Earth to Judge Merchan: at least half the public has zero confidence in the integrity of our judicial system, and you have had a significant role in that loss of confidence. And there’s a sort of bleak humor in the idea that this postponement could do away with the suspicion – however unwarranted, ha ha – of an attempt to influence the election. As though the constant cries of “convicted felon!” haven’t already affected the election – although not entirely as the left had hoped.
The entire enterprise has been nothing else but an attempt to influence the election and to punish Trump for the unforgivable crime of having won the presidency in 2016.
Braver Angels: helping loved ones divided by politics
Braver Angels is a group dedicated to helping people from opposite sides of the political spectrum be able to talk rationally and calmly about politics. Good luck. I think it’s a laudable but very difficult goal.
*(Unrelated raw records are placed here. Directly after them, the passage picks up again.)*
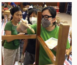
▲ 同學在示範如何掃上油漆

說到母校重建，怎能不提課室裏實木書桌和座椅的去向？數十年來它們靜靜地陪伴了多少代英華兒女成長，見證着課室裏無數美麗的回憶！可惜現在它們已有點殘舊了，為配合新校發展，校方決定把它們翻新，既為環保出一分力，又可以讓一眾校友、家長參與一番。
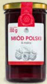
Miód Polski & Malina 350 g
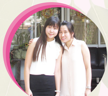
● 香港醫護學會幹事與副院長合照
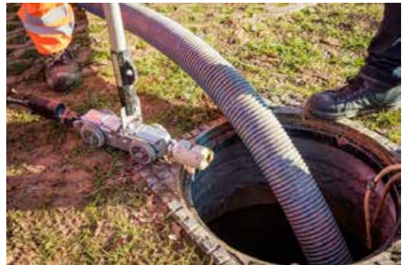
Figuur 3: Robotcamera
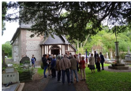
La fête de la Saint Louis Le samedi 21 août 2021
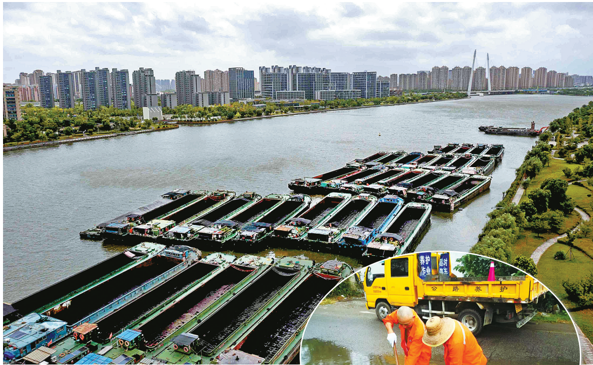
▲停靠在姚江上的船舶。

连续强降雨，导致姚江、甬江水位持续增高，姚江大坝持续排水，杭甬运河内河船舶通行风险加大。
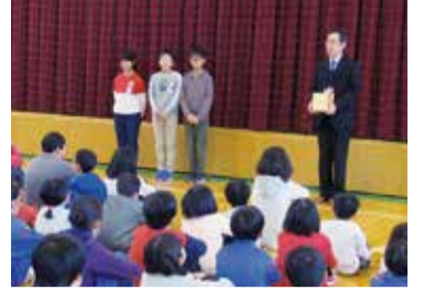
新飯田小学校 贈呈式
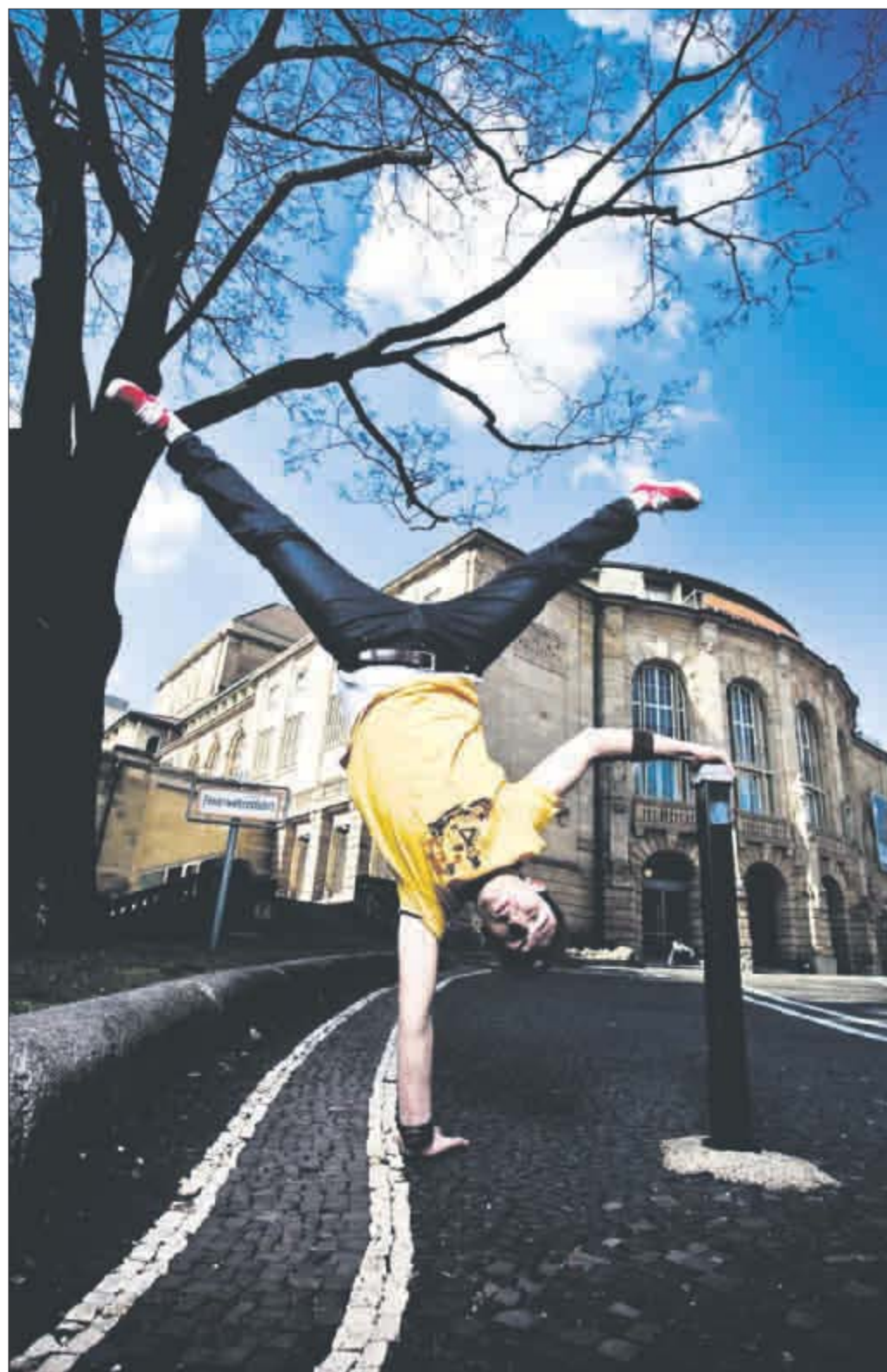
„Neue Suchbewegungen starten“: Auch in der Spielzeit zum 100-jährigen Jubiläum will das Theater Freiburg Zukunftsfragen stellen, wenn es ein muss, auch über Kopf.

Nach dem Spielzeitstart mit Uli Jäckles „Große Pause“ in den ehemaligen Staiger-Werken in St. Georgen geht Christoph Frick der Frage auf den Grund: Wie weit geht der Mensch für Geld? Dürrenmatts „Besuch der alten Dame“ sucht am Jubiläumswochenende An-
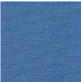
001-1435 PACÍFICO - C
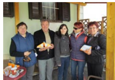
Člani OO RK Sv. Andraž z ambasadorko programa

I noticed that they have videos at YouTube that feature marriage and family therapist Bill Doherty doing sessions with some volunteers – not actors, but real people with political disagreements with loved ones that have been heated enough that they feel they need help. You might be interested in taking a look; here’s the playlist.
The Georgia school shooter’s father has been arrested and charged with homicide
The case seems similar to the Crumbley case in Michigan. I’ve written six previous posts about the Crumbley case, because it alarmed me and I thought the parents either should not have been charged or were way overcharged. From this previous post on the Crumbleys:
No, of course it won’t be “run of the mill parents” who are charged. But in these school shooter situations, there are often warning signs that go unheeded, or that are not dealt with properly. Hindsight is 20/20, and as I said before, these particular parents don’t seem to have exercised good judgment. But they are not guilty of any crime. And finding them guilty of a crime opens the door to the state using the precedent and the tool as it sees fit, in particular to punish parents who might espouse positions it doesn’t like.
From the Georgia case:
Authorities charged Colin Gray, the father of the Georgia school shooter Colt Gray, with four counts of manslaughter, two counts of second-degree murder and eight counts of cruelty to children.
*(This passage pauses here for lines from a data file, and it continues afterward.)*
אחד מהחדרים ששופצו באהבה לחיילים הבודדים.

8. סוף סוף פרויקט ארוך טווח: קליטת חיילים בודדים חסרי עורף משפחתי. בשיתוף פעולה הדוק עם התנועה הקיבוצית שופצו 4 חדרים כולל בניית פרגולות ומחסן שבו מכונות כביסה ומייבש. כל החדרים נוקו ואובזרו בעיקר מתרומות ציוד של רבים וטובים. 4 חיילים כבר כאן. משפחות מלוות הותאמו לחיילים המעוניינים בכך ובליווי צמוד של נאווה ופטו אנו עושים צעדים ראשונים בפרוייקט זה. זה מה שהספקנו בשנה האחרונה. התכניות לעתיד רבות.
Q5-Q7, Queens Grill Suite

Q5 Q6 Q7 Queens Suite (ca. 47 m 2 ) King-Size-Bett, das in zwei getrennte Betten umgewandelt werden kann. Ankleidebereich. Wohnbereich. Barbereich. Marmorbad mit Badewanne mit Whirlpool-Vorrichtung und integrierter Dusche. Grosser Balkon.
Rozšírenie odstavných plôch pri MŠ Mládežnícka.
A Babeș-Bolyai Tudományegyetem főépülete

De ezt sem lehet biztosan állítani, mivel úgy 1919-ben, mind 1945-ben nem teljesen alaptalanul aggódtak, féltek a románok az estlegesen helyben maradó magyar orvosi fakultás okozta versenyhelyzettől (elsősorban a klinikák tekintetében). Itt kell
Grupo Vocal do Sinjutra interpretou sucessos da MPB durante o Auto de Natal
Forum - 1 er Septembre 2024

Colt is accused of killing two teachers and two students. He faces four counts of felony murder.
Georgia Bureau of Investigation (GBI) Director Chris Hosey didn’t confirm Gray gifted the gun to his 14-year-old son.
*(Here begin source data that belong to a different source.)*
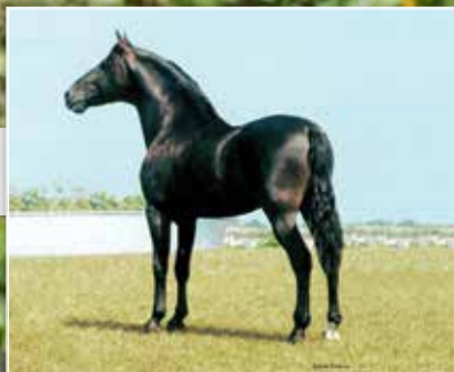
SEU PAI LAMPEÃO HO
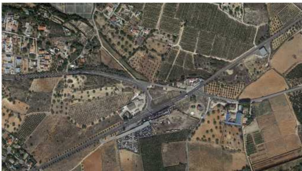
Figura 3 - Localización (III)
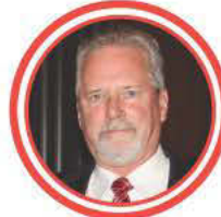
RICHARD P. LARKIN HERBERT J. SIMS & CO., INC.
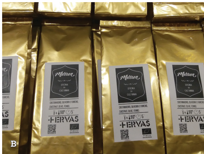
Figura 13.4 – Flor de castanheiro (A) e mistura para preparar infusões (B). Flor de castaño (A) y mezcla para preparar infusiones (B).
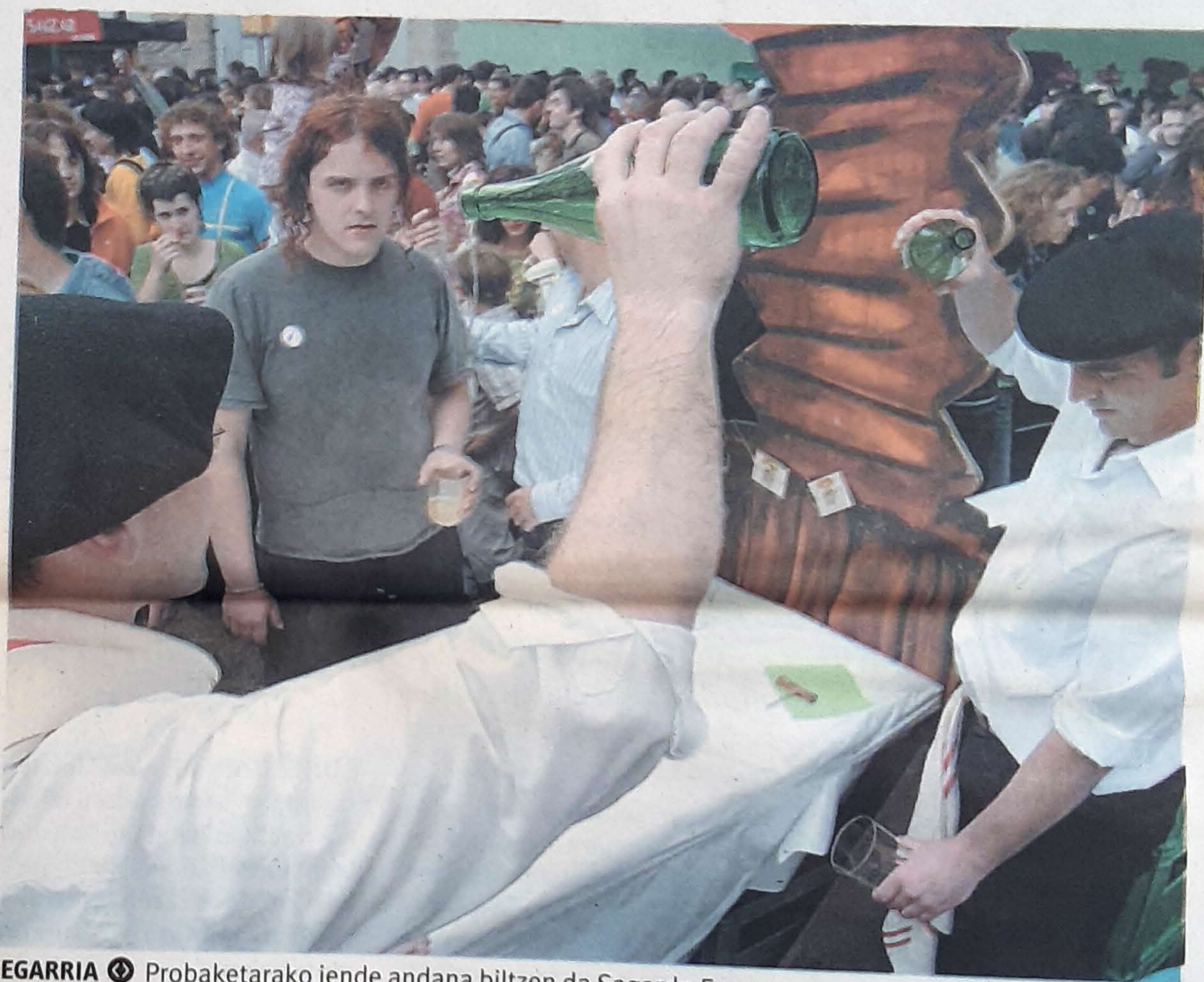
EGARRIA ☉ Probaketarako jende andana biltzen da Sagardo Egunean.

Hosey said Gray “knowingly allowed” his son “to possess it.”
According to reports, Gray gave Colt the gun for Christmas only a few months after the FBI interviewed the family about online shooting threats.
The FBI didn’t seem unduly alarmed, nor did the school system. Of course, more might emerge in time about the parents’ negligence – it’s very very early yet and I’m sure I don’t have all the facts. But whatever emerges I doubt it rises to the level of homicide charges to the parents. The murders are absolutely horrible, of course. But wouldn’t the FBI and the school system be at least as culpable as the parents? And if the 14-year-old son is being tried as an adult (which he is), why are the parents considered responsible for murder instead of some sort of negligence? Unless the father put the gun in the boy’s hands and told him it would be a great idea to go to school and kill someone, I just don’t see that murder is an appropriate charge.